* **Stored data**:
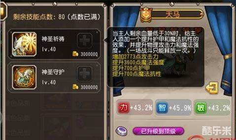 首先天马作为唯一的橙色品阶宠物,自然是要第一时间喂到五星的,五星状态下的天马可以为他的主人英雄提升43.2%的力量和敏捷,以及45.9%的智力,算是比较均衡的大幅提升,大致与90+的博学社等级提升幅度相同,将原本五星英雄的属性提升到接近七星的水准。对于大部分普通属性的英雄来说,满级的提升大约在400点三围左右,比洗练和符石的提高都要明显。
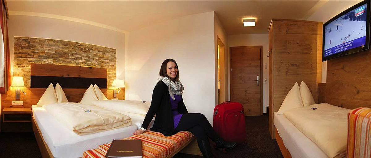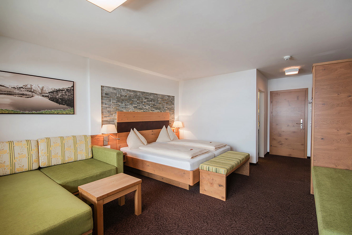 25 m² - pokoj s manželskou postelí a rozkádací gauč pro 1 dítě do nedovršených 15 let, sociální zařízení, balkon; min. a max. obsazenost pokoje jsou 2 dosp. osoby a 1 dítě d nedovršených 15 let; infant nad maximální obsazenost pokoje není povolen!
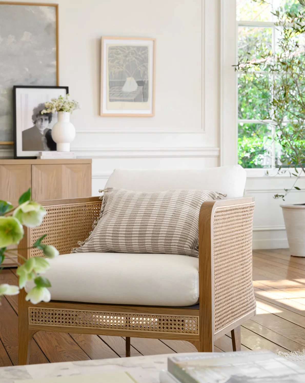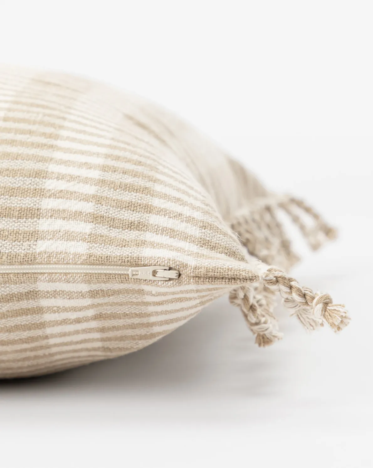 In a linen-cotton blend, the Gwen Pillow Cover features a woven texture that adds subtle ribbing to the surface of the cover. Complete with playful fringed edges, the Gwen Pillow Cover adds a textural, rich element to pillow vignettes.
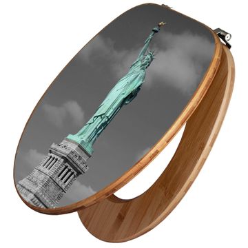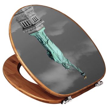 Design WC-Sitz Bambus Holz Motiv Freiheitsstatue
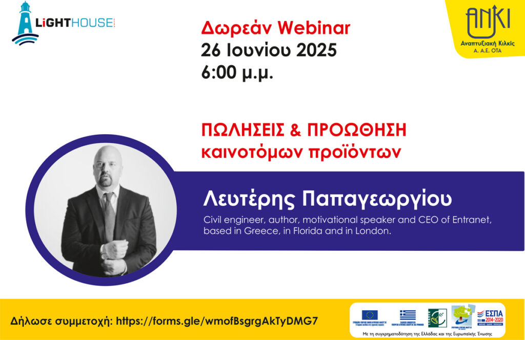 1ο webinar: “Πωλήσεις και προώθηση καινοτόμων προϊόντων”, την Πέμπτη 26 Ιουνίου 2025, στις 6 μ.μ. με εισηγητή τον κ. Λευτέρη Παπαγεωργίου. Το σεμινάριο θα εστιάσει σε στρατηγικές πωλήσεων και μάρκετινγκ για καινοτόμα προϊόντα/υπηρεσίες. Θα συζητηθούν τρόποι για την άντληση πελατών, την εφαρμογή νέων τεχνολογιών και το πώς να μετατρέψουν καινοτόμες ιδέες σε εμπορική επιτυχία, με έμφαση τόσο στην ελληνική αγορά αλλά και σε διεθνείς ευκαιρίες.
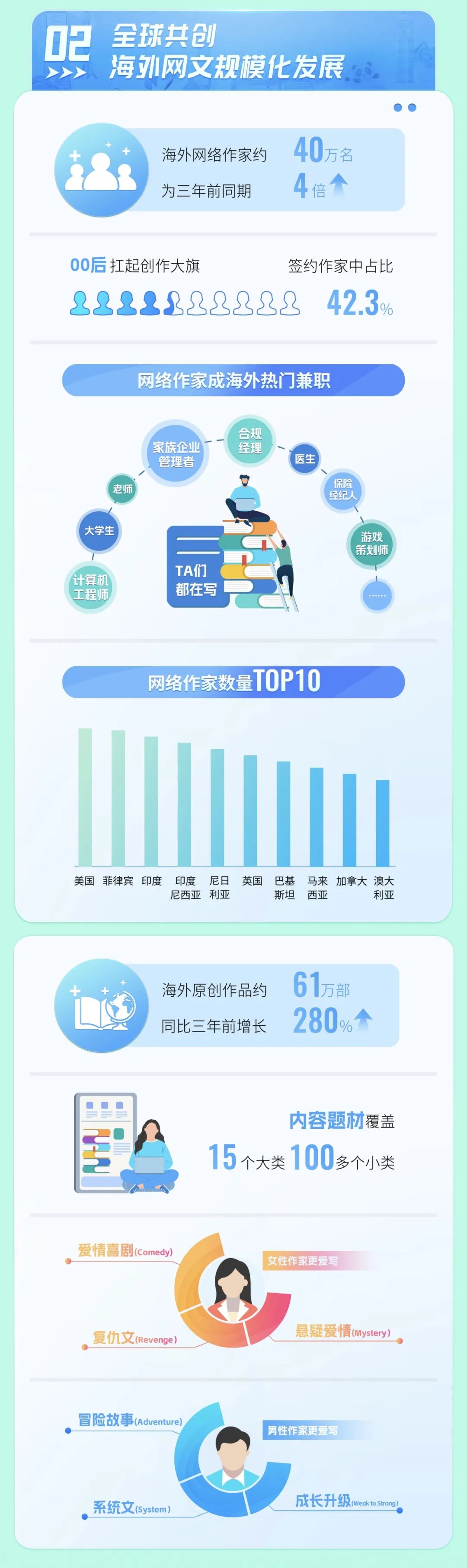 海外网络作家覆盖全球100多个国家和地区,其中,美国网络作家数量居于首位。起点国际的签约作家中,00后占比达到42.3%,已成长为创作中坚。网络作家的快速增长,带动海外网文呈现出百花齐放的原创生态。截至2023年10月,起点国际已上线海外原创作品约61万部,同比三年前增长280%。
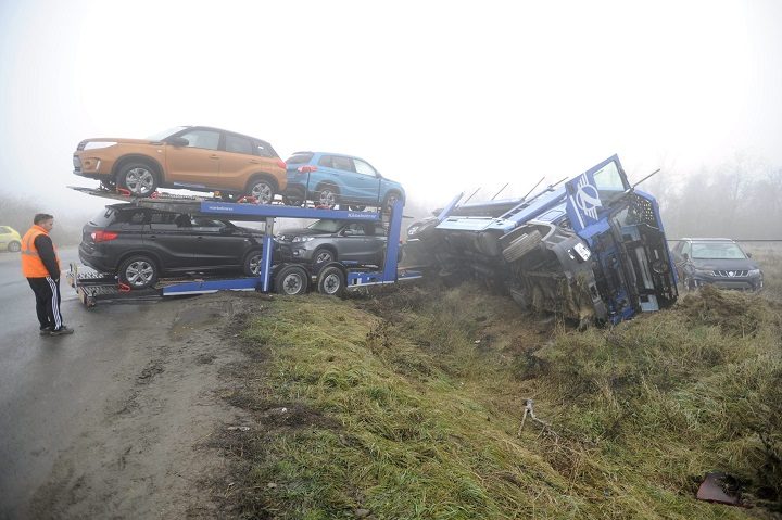 Tetejére borult autószállító tréler Zsámbék külterületén 2017. december 8-án, miután az új autókat szállító jármű a sűrű ködben letért az útról és az árokba borult. Erre a napra több megyére is figyelmeztetéseket adtak ki a tartós, sűrű köd, valamint a sok eső veszélye miatt. MTI Fotó: Mihádák Zoltán
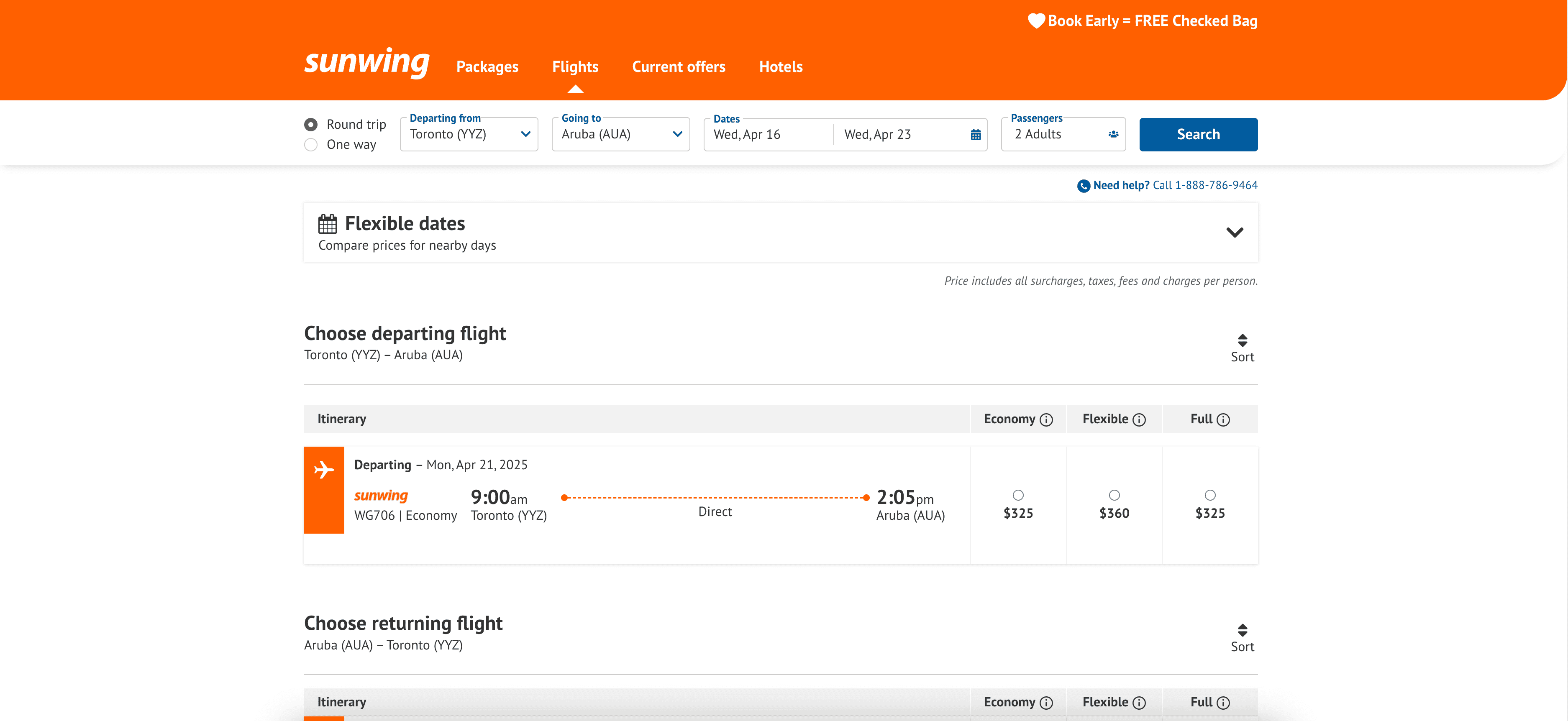 - Go to the destination page, for example: Sunwing Flight Search Result Page.
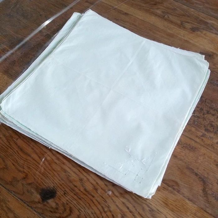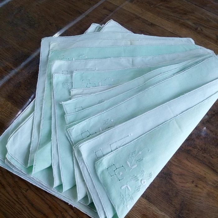 #stef62180_vintage Vend un lot de 15 carré Vert brodé Couleur plus ou moins passée et tachés #tissubrodé #brodé #vintage
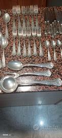 Vendo 11 cucchiai,12 forchette,12 coltelli,7 cucchiaini un mestolo un cucchiaio grande e un forcone grande tutto in argento 800 si accettano offerte su cui valuto
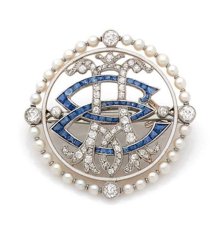 Diamants taille ancienne, saphirs calibrés, perles fines, émail
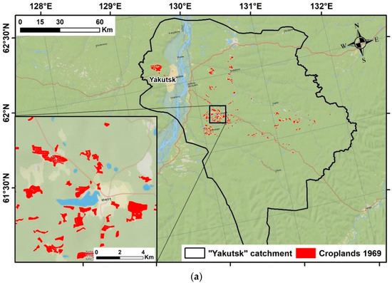 Maps of cropland allocation for two considering periods ((a): croplands 1969; (b): croplands 2021).
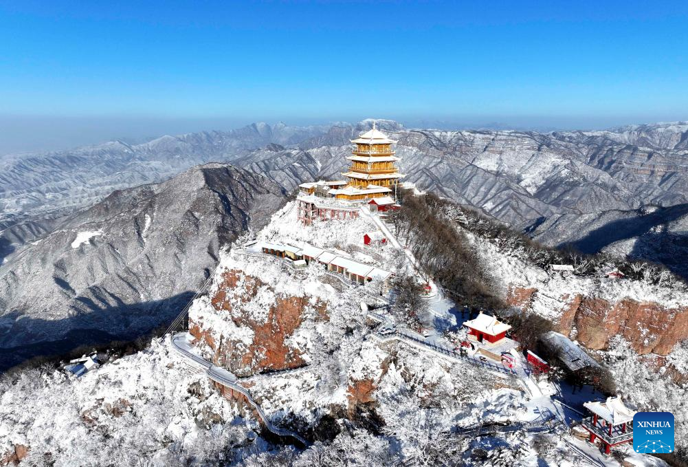 BEIJING, 26 enero, 2025 (Xinhua) -- Vista aérea tomada con un dron del paisaje nevado del punto escénico de la Montaña Wangwu, en la ciudad de Jiyuan, en la provincia de Henan, en el centro de China, el 26 de enero de 2025. (Xinhua/Duan Erping)
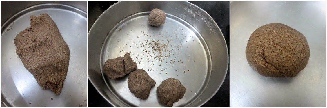 Next add ajwain, salt to the mandua flour and knead well. Rest this aside for 10 mins.

* **WORK INSTRUCTION**: Leave the pictures aside and transcribe only the lines from the one holding "Diamants taille ancienne, saphirs" through the final line of the records above.

* **EXERCISE SOLUTION**:
 Diamants taille ancienne, saphirs calibrés, perles fines, émail
 Maps of cropland allocation for two considering periods ((a): croplands 1969; (b): croplands 2021).
 BEIJING, 26 enero, 2025 (Xinhua) -- Vista aérea tomada con un dron del paisaje nevado del punto escénico de la Montaña Wangwu, en la ciudad de Jiyuan, en la provincia de Henan, en el centro de China, el 26 de enero de 2025. (Xinhua/Duan Erping)
 Next add ajwain, salt to the mandua flour and knead well. Rest this aside for 10 mins.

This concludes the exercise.